→ PROVIDED DATA:
· · ·

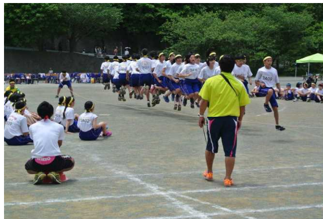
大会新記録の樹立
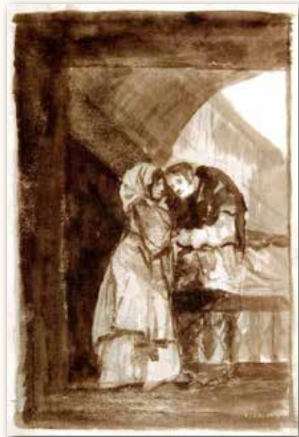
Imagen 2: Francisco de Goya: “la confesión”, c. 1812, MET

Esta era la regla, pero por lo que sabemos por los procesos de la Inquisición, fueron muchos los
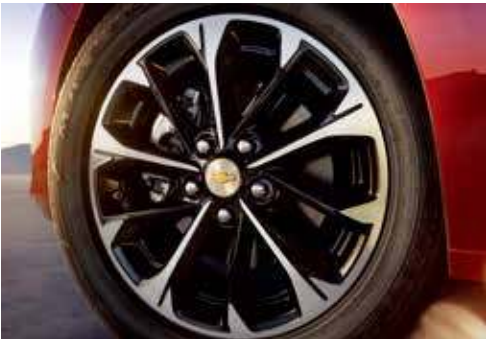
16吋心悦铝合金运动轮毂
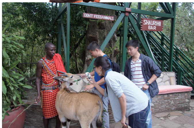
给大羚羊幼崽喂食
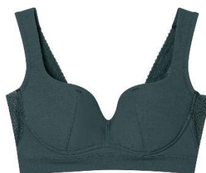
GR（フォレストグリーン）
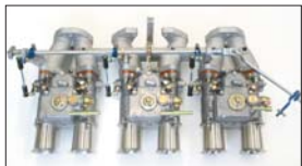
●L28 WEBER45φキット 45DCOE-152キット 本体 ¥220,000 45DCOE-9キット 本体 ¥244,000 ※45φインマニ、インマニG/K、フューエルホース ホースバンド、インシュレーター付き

· · ·

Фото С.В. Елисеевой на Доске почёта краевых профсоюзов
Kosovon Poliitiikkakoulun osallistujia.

· · ·

→ WORK REQUIRED: Could you repeat, exactly, only the lines above starting at the one that has "GR（フォレストグリーン）" and stopping after the one that has "本体 ¥244,000 ※45φインマニ、インマニG/K、フューエルホース ホースバンド、インシュレーター付き", without the pictures?

→ ANSWER FOR THE TASK:
GR（フォレストグリーン）
●L28 WEBER45φキット 45DCOE-152キット 本体 ¥220,000 45DCOE-9キット 本体 ¥244,000 ※45φインマニ、インマニG/K、フューエルホース ホースバンド、インシュレーター付き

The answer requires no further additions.